In this project, we developed a tool for statistical analysis of dependency-parsed corpora (the STARK tool) that returns a list of frequency lists for dependency trees from dependency-parsed corpora. The user can set several parameters in the configuration file thus defining the characteristics of the extracted dependency trees such as: number of nodes in the tree, type of extracted nodes (from concrete words to abstract grammatical characteristics), extraction of full/all possible subtrees etc.
In addition to this kind of inductive extraction (without any predefined linguistic assumptions), the tool can extract trees based on additional restrictions and predefined tree structures.
Results are shown in a table, displaying tree structures, tree nodes, corpus frequency data and the level of statistical connection between nodes (based on different collocation measures).

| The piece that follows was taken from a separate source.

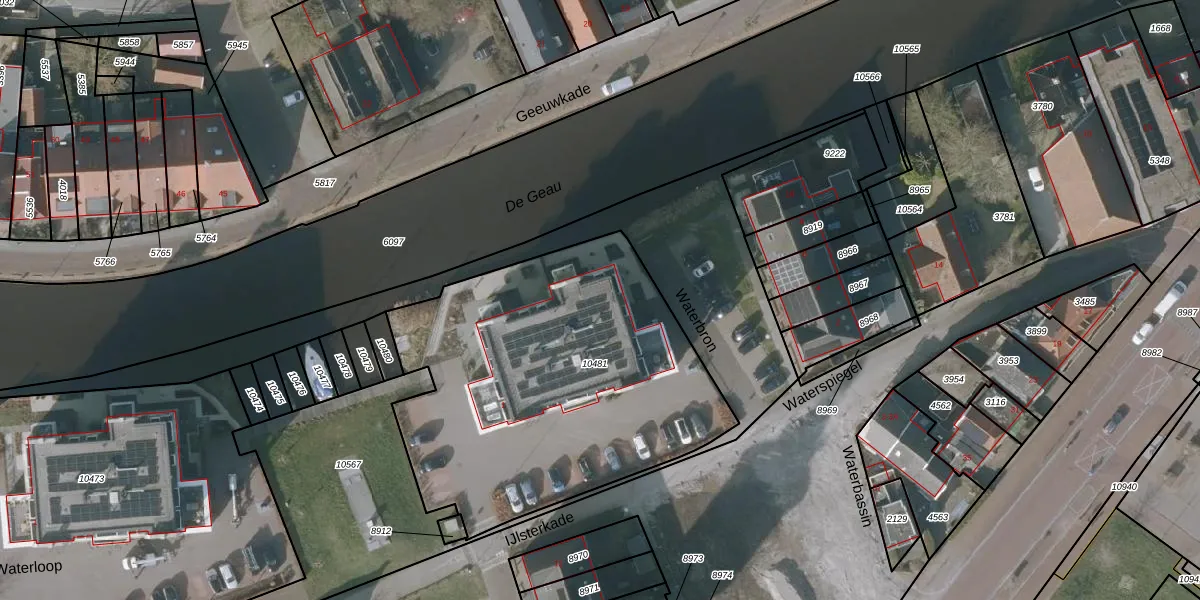 Waterbron 1-001 is gelegen op kadastraal perceel SNE00C10481. Deze kadastrale aanduiding is uniek en wordt gebruikt door het Kadaster om eigendomsrechten en andere zakelijke rechten vast te leggen. Het perceel maakt onderdeel uit van de kadastrale gemeente Sneek.

The tool can process dependency-parsed corpora in the input format CONLL-U. This means it can be used for the Slovene corpora ssj500k and Gigafida as well as any corpora in the given format (for more than 70 different languages).
STARK is a command line tool, available under the Apache 2.0 open license at https://gitea.cjvt.si/lkrsnik/STARK, and on the CLARIN.SI repository:
Krsnik, Luka; Dobrovoljc, Kaja and Robnik-Šikonja, Marko, 2019, Dependency tree extraction tool STARK 1.0, Slovenian language resource repository CLARIN.SI, http://hdl.handle.net/11356/1284.